- Activity -
Everything in the records below except the images should be output exactly as written.

Start of Data supplied

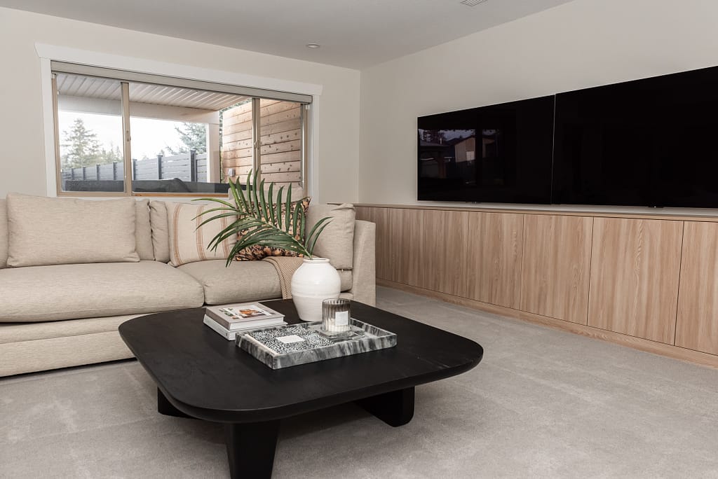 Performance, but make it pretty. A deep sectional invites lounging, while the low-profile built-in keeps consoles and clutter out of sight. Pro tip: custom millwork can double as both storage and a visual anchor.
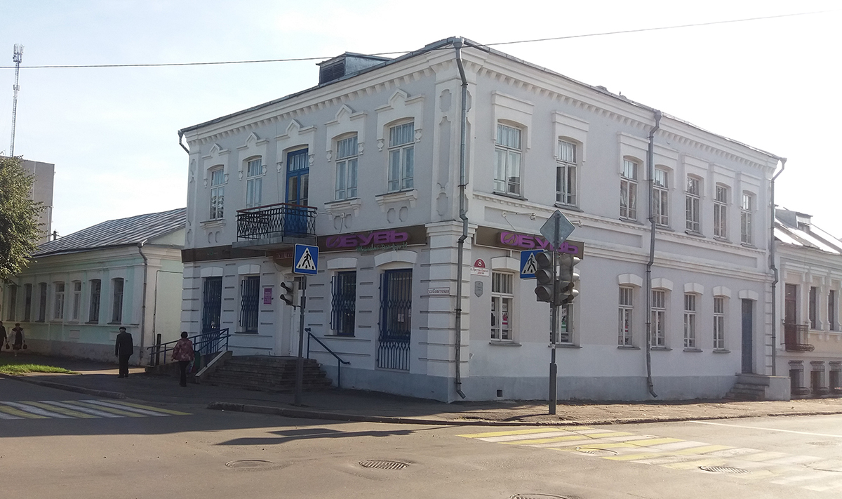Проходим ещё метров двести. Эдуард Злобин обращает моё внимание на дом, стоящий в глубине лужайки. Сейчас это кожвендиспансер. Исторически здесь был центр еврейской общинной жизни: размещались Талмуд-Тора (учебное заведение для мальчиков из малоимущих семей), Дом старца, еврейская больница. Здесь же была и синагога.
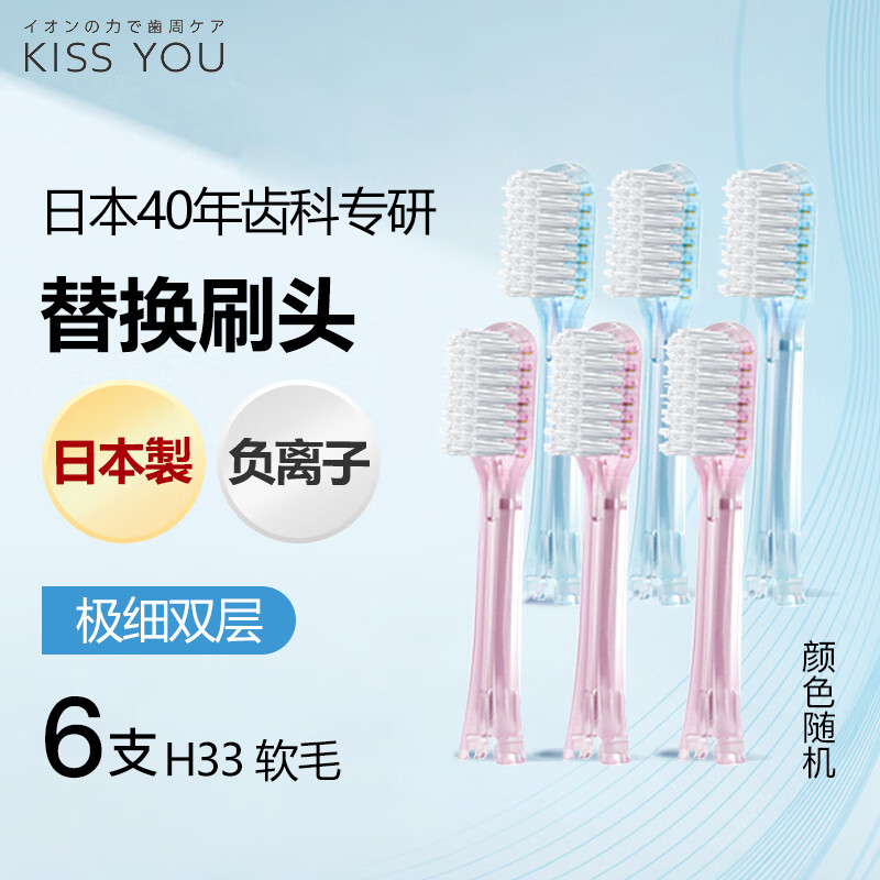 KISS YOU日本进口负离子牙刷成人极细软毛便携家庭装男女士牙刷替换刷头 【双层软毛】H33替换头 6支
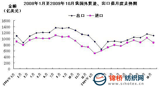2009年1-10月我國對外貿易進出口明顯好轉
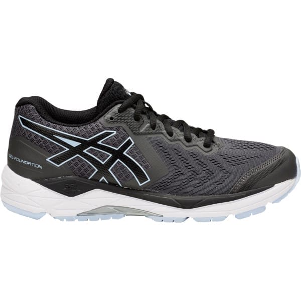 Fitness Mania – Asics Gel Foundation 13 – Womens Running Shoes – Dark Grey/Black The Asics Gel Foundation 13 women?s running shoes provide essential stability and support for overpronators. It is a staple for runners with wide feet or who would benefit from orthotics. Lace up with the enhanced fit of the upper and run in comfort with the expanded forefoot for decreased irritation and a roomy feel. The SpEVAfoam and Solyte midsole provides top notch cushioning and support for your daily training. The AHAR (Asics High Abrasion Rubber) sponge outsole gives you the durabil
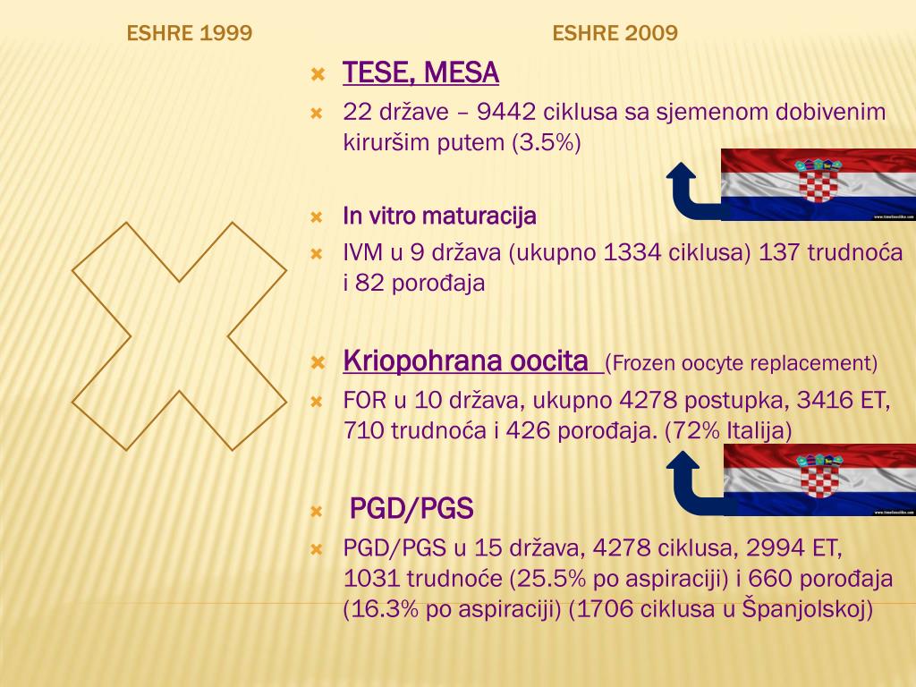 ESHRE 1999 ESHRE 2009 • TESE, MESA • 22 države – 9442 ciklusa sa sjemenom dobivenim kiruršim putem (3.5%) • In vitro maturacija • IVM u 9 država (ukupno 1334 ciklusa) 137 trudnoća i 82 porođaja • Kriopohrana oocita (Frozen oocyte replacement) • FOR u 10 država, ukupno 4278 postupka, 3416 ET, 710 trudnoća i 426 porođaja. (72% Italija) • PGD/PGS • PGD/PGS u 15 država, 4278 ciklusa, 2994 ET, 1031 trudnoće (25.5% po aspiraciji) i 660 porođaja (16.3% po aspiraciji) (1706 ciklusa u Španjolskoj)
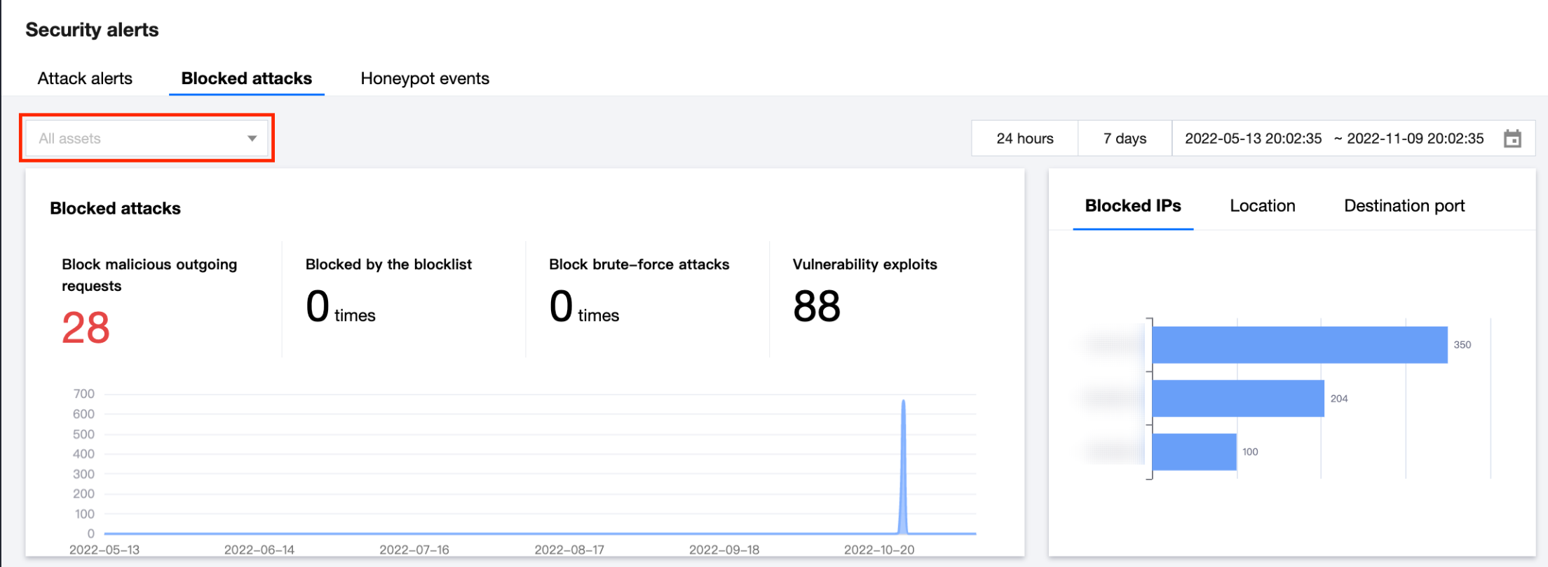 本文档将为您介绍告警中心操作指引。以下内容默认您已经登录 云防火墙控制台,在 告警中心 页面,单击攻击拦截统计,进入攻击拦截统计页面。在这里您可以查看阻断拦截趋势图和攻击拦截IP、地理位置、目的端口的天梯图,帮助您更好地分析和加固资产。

End of Data supplied

- Reply -
 Performance, but make it pretty. A deep sectional invites lounging, while the low-profile built-in keeps consoles and clutter out of sight. Pro tip: custom millwork can double as both storage and a visual anchor.
Проходим ещё метров двести. Эдуард Злобин обращает моё внимание на дом, стоящий в глубине лужайки. Сейчас это кожвендиспансер. Исторически здесь был центр еврейской общинной жизни: размещались Талмуд-Тора (учебное заведение для мальчиков из малоимущих семей), Дом старца, еврейская больница. Здесь же была и синагога.
 KISS YOU日本进口负离子牙刷成人极细软毛便携家庭装男女士牙刷替换刷头 【双层软毛】H33替换头 6支
2009年1-10月我國對外貿易進出口明顯好轉
 Fitness Mania – Asics Gel Foundation 13 – Womens Running Shoes – Dark Grey/Black The Asics Gel Foundation 13 women?s running shoes provide essential stability and support for overpronators. It is a staple for runners with wide feet or who would benefit from orthotics. Lace up with the enhanced fit of the upper and run in comfort with the expanded forefoot for decreased irritation and a roomy feel. The SpEVAfoam and Solyte midsole provides top notch cushioning and support for your daily training. The AHAR (Asics High Abrasion Rubber) sponge outsole gives you the durabil
 ESHRE 1999 ESHRE 2009 • TESE, MESA • 22 države – 9442 ciklusa sa sjemenom dobivenim kiruršim putem (3.5%) • In vitro maturacija • IVM u 9 država (ukupno 1334 ciklusa) 137 trudnoća i 82 porođaja • Kriopohrana oocita (Frozen oocyte replacement) • FOR u 10 država, ukupno 4278 postupka, 3416 ET, 710 trudnoća i 426 porođaja. (72% Italija) • PGD/PGS • PGD/PGS u 15 država, 4278 ciklusa, 2994 ET, 1031 trudnoće (25.5% po aspiraciji) i 660 porođaja (16.3% po aspiraciji) (1706 ciklusa u Španjolskoj)
 本文档将为您介绍告警中心操作指引。以下内容默认您已经登录 云防火墙控制台,在 告警中心 页面,单击攻击拦截统计,进入攻击拦截统计页面。在这里您可以查看阻断拦截趋势图和攻击拦截IP、地理位置、目的端口的天梯图,帮助您更好地分析和加固资产。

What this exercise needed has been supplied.